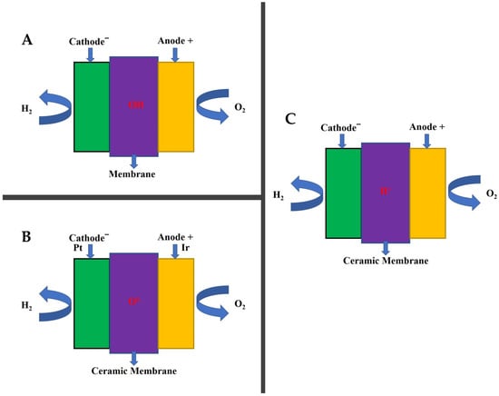 Schematic demonstration of (A) alkaline electrolysis, (B) solid oxide electrolysis, and (C) proton exchange membrane electrolysis. Reprint from []. Copyright (2021), with permission from Springer.
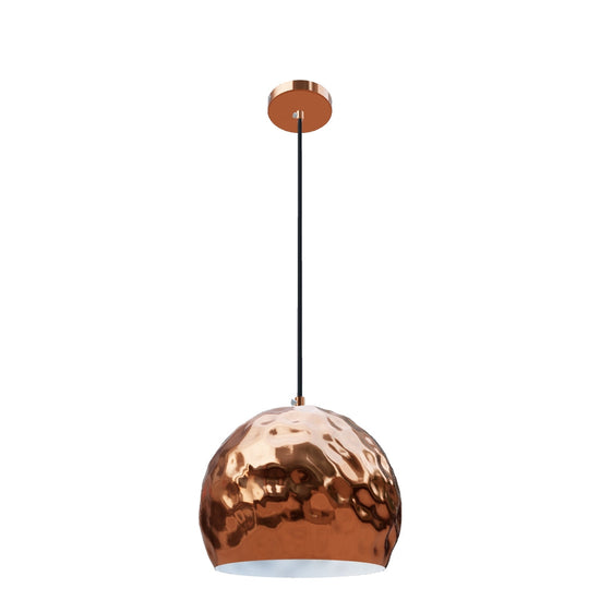 Lámpara colgante con pantalla metálica abollada. El exterior de la pantalla es de color cobre y el interior está lacado en blanco. Incluye un cable de PVC negro y una base de techo de color cobre que combina con la lámpara.
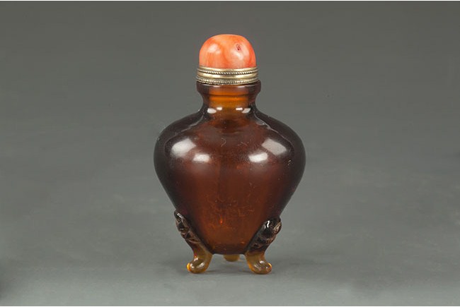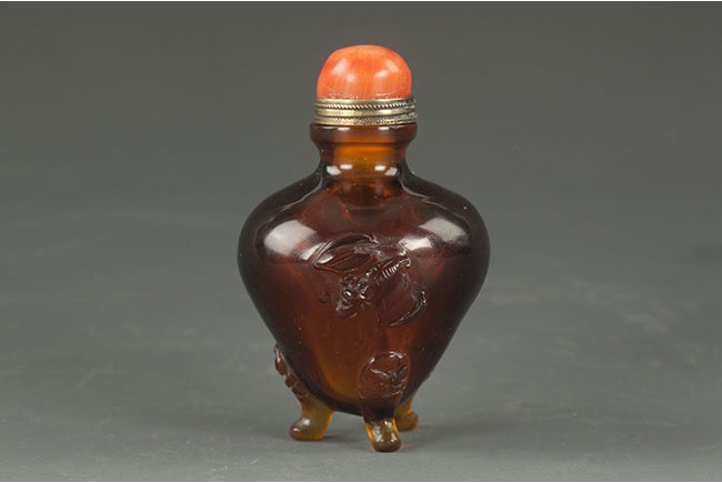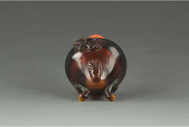 This Peking glass snuff bottle stands on three small Taotie mask themed legs and has an image of a bat. Comes with a coral stopper. H:2 1/2 in (6.5 cm)
━━━━━━━━━━━━━━━━━━━━
_Exercise description_
Apart from the images, every line above needs to be printed again exactly.

_Problem solution_
 Schematic demonstration of (A) alkaline electrolysis, (B) solid oxide electrolysis, and (C) proton exchange membrane electrolysis. Reprint from []. Copyright (2021), with permission from Springer.
 Lámpara colgante con pantalla metálica abollada. El exterior de la pantalla es de color cobre y el interior está lacado en blanco. Incluye un cable de PVC negro y una base de techo de color cobre que combina con la lámpara.
 This Peking glass snuff bottle stands on three small Taotie mask themed legs and has an image of a bat. Comes with a coral stopper. H:2 1/2 in (6.5 cm)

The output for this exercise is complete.